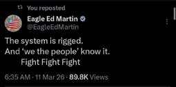 >>24368722 The system is rigged. And ‘we the people’ know it. Fight Fight Fight
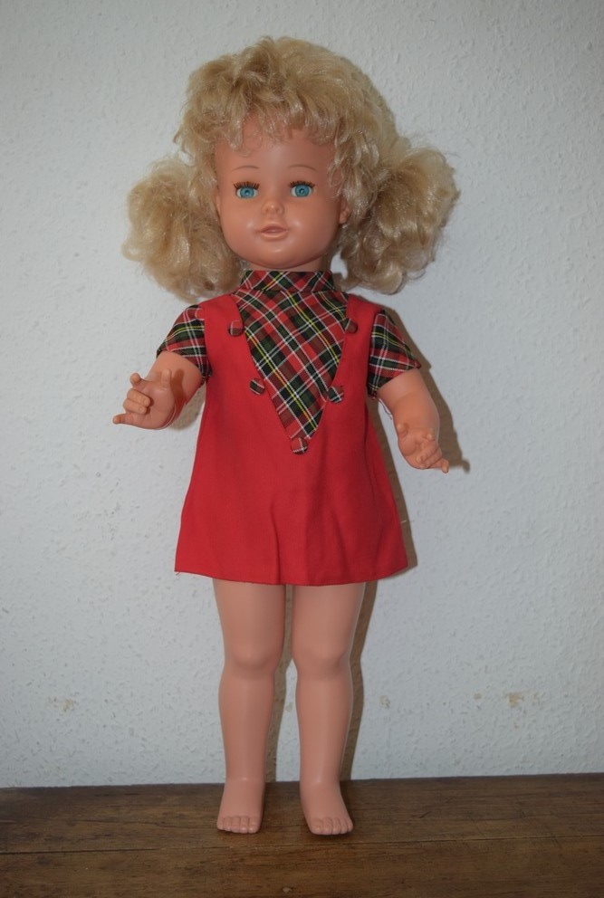 Sa tête et ses bras sont en vinyle et élastiqués. Son corps et ses jambes, élastiquées également, sont en polyethylène.
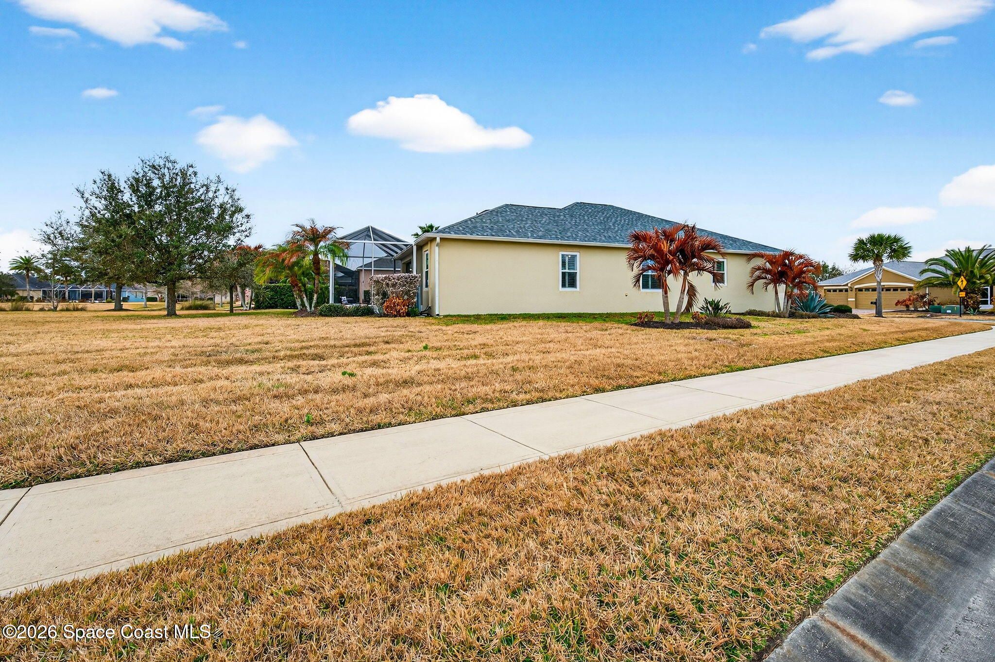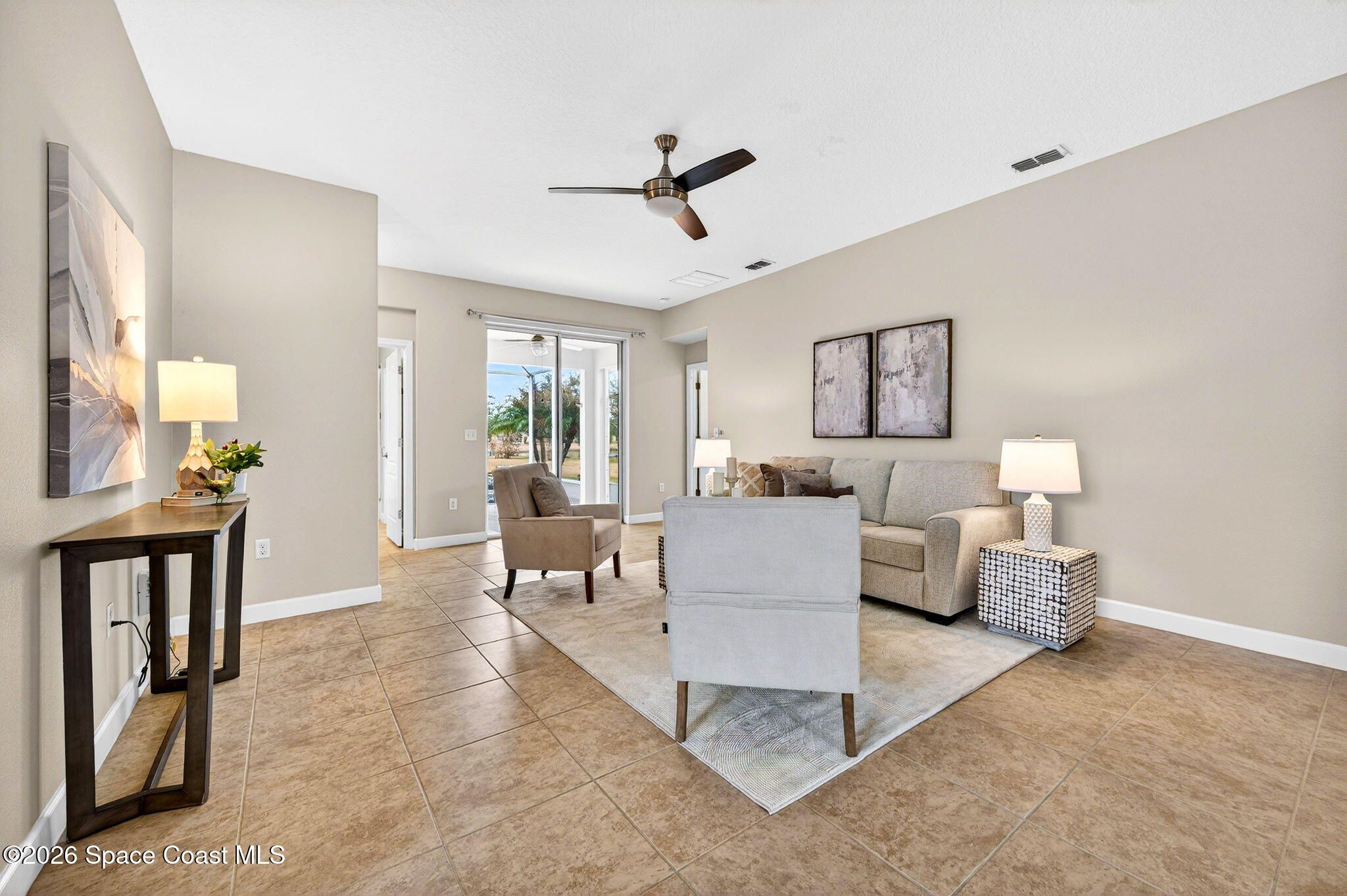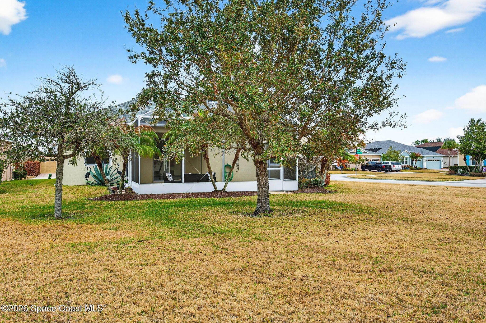 Welcome to this well-maintained 3-bedroom, 2-bath home in the premier 55+ community of Heritage Isle. This inviting home offers an open floor plan with tile and laminate flooring throughout, creating a low-maintenance living space. The kitchen features granite countertops, an updated backsplash, stainless steel appliances, and opens seamlessly to the dining and living areas, accented by plantation shutters. The spacious owner's suite includes an upgraded bathroom and custom closet organizers. Major updates provide peace of mind, including a new roof and hurricane-impact windows in 2024, select shuttered windows & newer water heater. Enjoy Florida living on the expanded, rescreened lanai overlooking a peaceful water view. Situated on a large corner lot with community-maintained landscaping. Residents enjoy access to the Heritage Isle clubhouse with a pool, fitness center, restaurant, tennis, pickleball, and an active social calendar. Convenient to shopping, dining, golf and beaches.
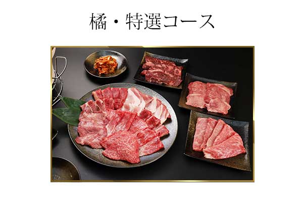 お肉:国産ブランド牛A5ランク 特選カルビ、特選ロース、モモ、特選塩タン、特選ホルモン、鹿児島県産黒豚ロース・バラ ※お席は120分までとなっております。 ※ご飯、キムチ、サンチュ、焼き野菜付きです。 ※飲み放題別途1,500円でご利用できます。
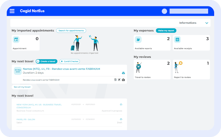 Cegid Notilus also simplifies the organization of employee travel worldwide and manages vehicle fleets.
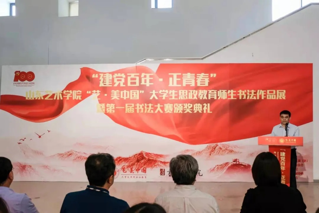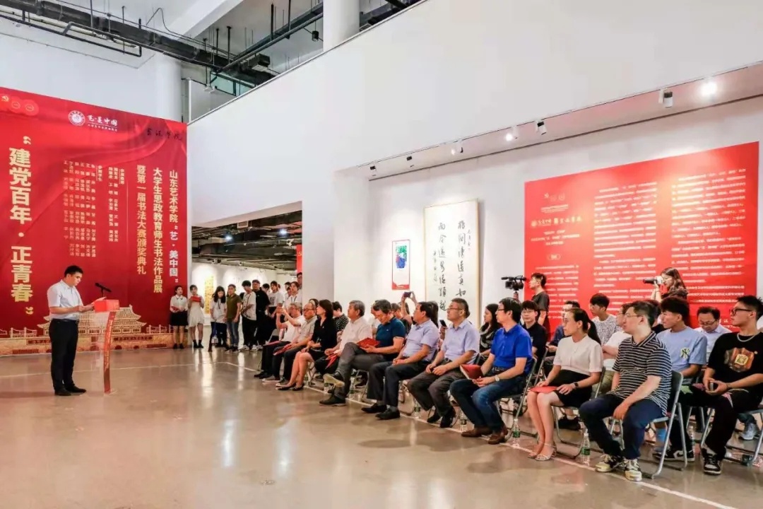 为献礼党的百年华诞,以艺术呈现思政力量,7月8日,山东艺术学院在长清校区美术馆举行“建党百年·正青春”大学生思政教育师生书法作品展暨第一届书法大赛颁奖典礼。
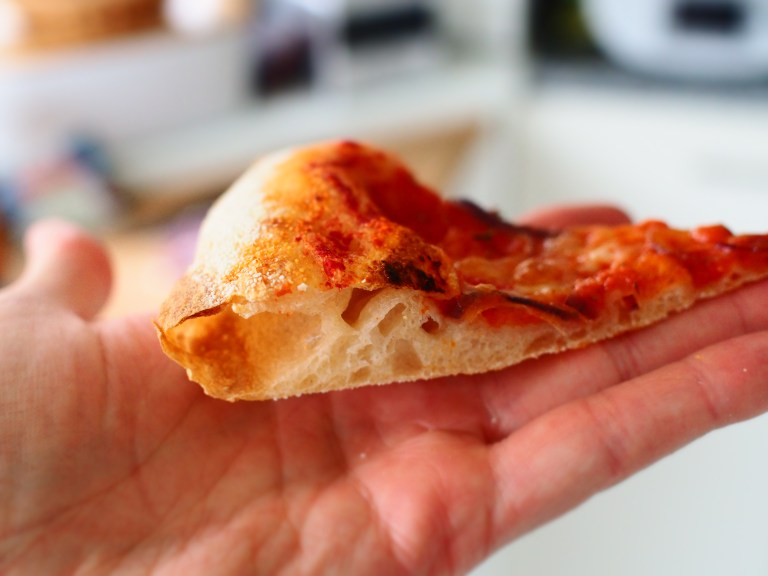Der Teig in meinem Beispiel benötigt insgesamt 1 1/2 Tage (36 Stunden) zum Gehen. Daher braucht man auch nur ein winziges Stück Hefe. Vergesst die 0815 Teige, die 1/2 Würfel Hefe verwenden, damit der Teig nach 30 Minuten aufgegangen ist wie ein Hefezopf. Auf diese Weise gelingt kein Teig, der von der Konsistenz und dem Geschmack her dem Original entspricht. Gute Brotteige reifen übrigens nach dem gleichen Prinzip und benötigen kaum Hefe. Achja: frische Hefe könnt ihr gut einfrieren, da ihr in diesem Rezept nur 0,5g brauchen werdet (ein Würfel sind 42g!). Die Tomatensoße ist im Gegensatz zum Teig schnell gemacht. Ihr müsst nicht stundenlang eine Soße köcheln. Einfach gute Dosentomaten hernehmen. Die Sorte San Marzano ist ideal, da am geschmackvollsten. Frische Tomaten eignen sich weniger, da bieten Dosentomaten mehr Geschmack, da sie zum optimalen Zeitpunkt geerntet und konserviert wurden. Tomaten in ein Mixgerät geben oder pürieren, mit Salz und etwas Pfeffer abschmecken, fertig. Mehr braucht es nicht.
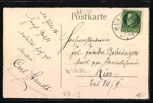 Personenbezogene Daten auf der Rückseite der Karte wurden durch blauen Textmarker unkenntlich gemacht. Die blauen Stellen sind auf die Vorderseite durchgeweicht und wirken sich negativ auf das Postkartenfoto aus
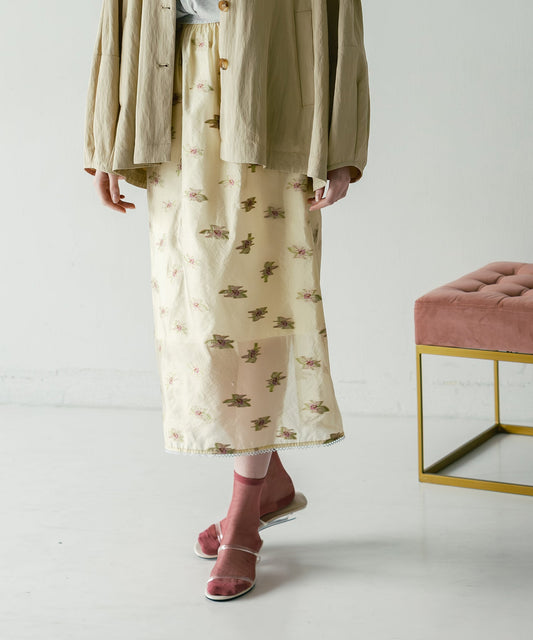 sheer flower skirt / WHT26HSK4031
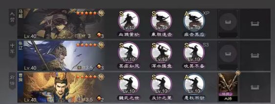 带上这个战法可以有效增加打肉队、流氓的效果。马超士气分分钟到一百八。当然打法刀、内战还是要看运气分兵因为不触发叠士气,可以选择不带,竭地锋镝剧本马超有白马义从自带分兵还会更强 顶配配置。
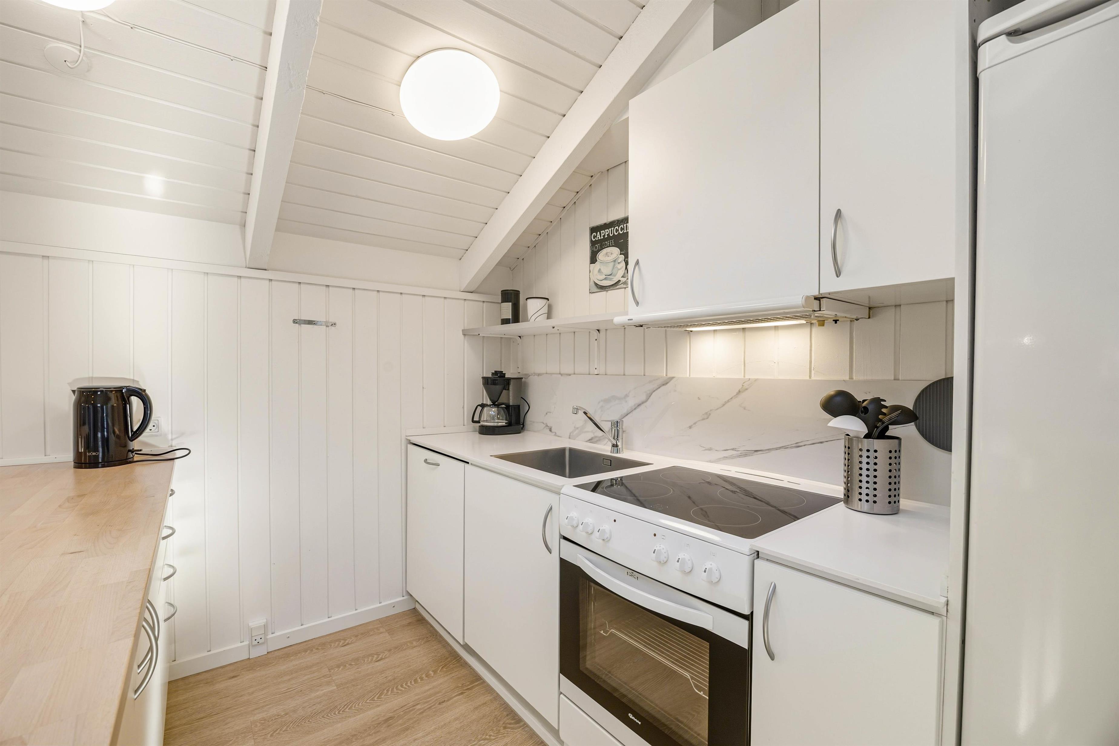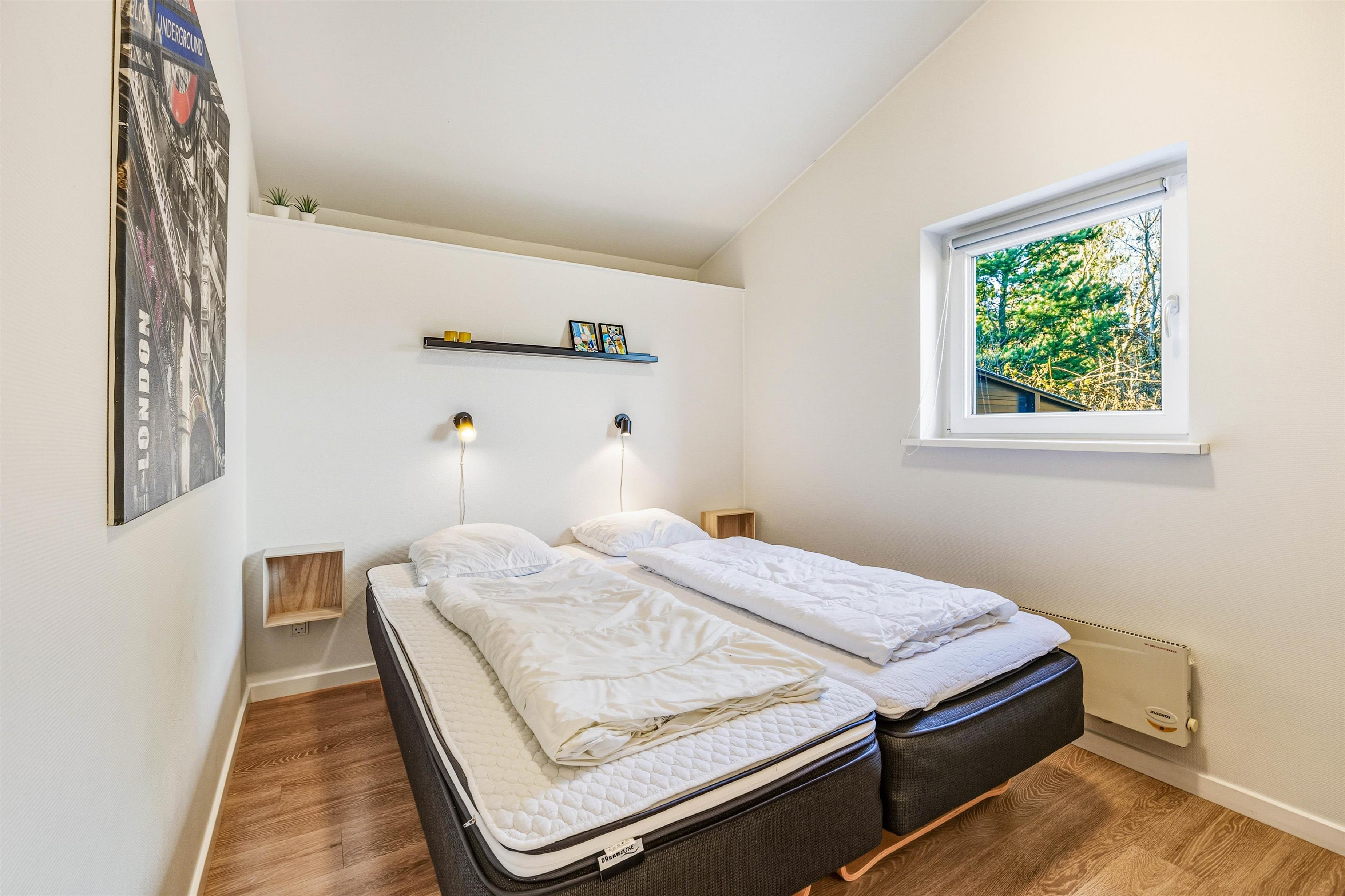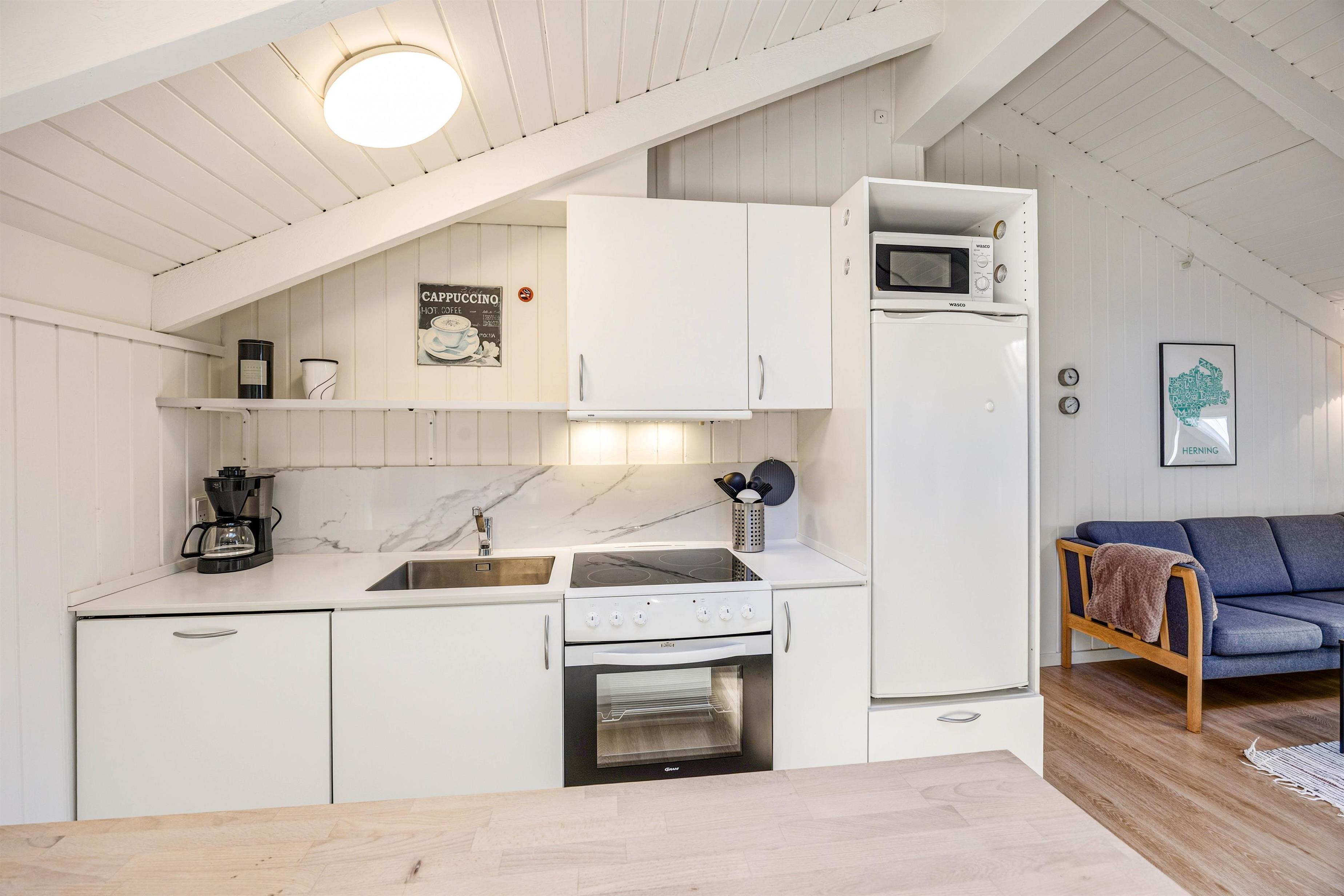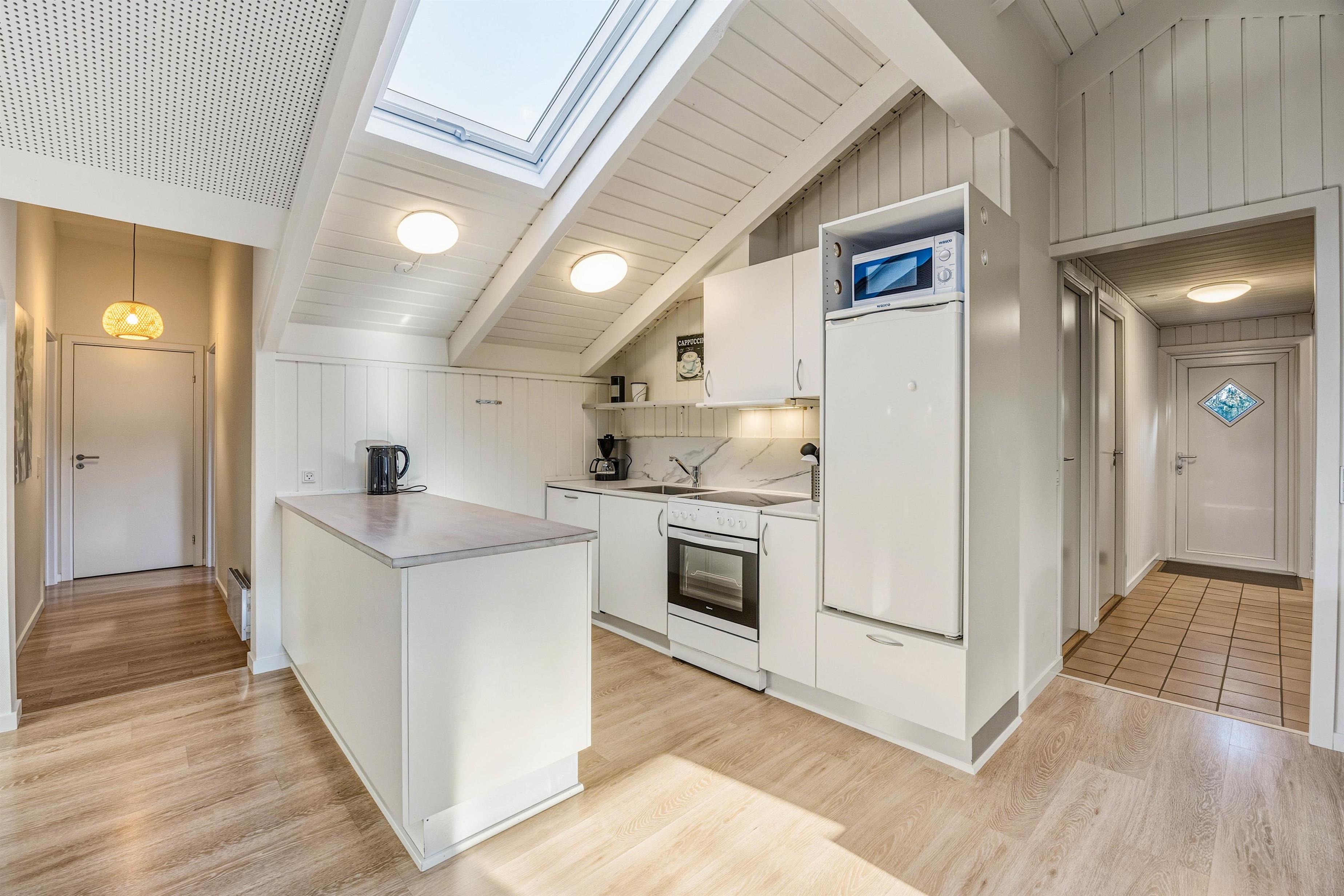 Feriehuset på Hvidbjergvej 9 har plads til 7 personer fordelt på 4 soveværelser. Her er 3 soveværelser med dobbeltsenge og et værelse med en enkeltseng, hvilket sikrer en god nats søvn for alle. Køkkenet står i åben forbindelse med stuen og er udstyret med mikroovn, opvaskemaskine og 100 liters separat fryser, så I nemt kan lave mad og opbevare jeres dagligvarer. Yderligere finder I både en vaskemaskine og en tørretumbler, så I kan tage jer af al praktisk vask.

########

Work to be completed
The response must match the data line for line, from its first line through the line with "Sa tête et ses", inclusive, and must leave out the pictures.

Solution to the exercise
 >>24368722 The system is rigged. And ‘we the people’ know it. Fight Fight Fight
 Sa tête et ses bras sont en vinyle et élastiqués. Son corps et ses jambes, élastiquées également, sont en polyethylène.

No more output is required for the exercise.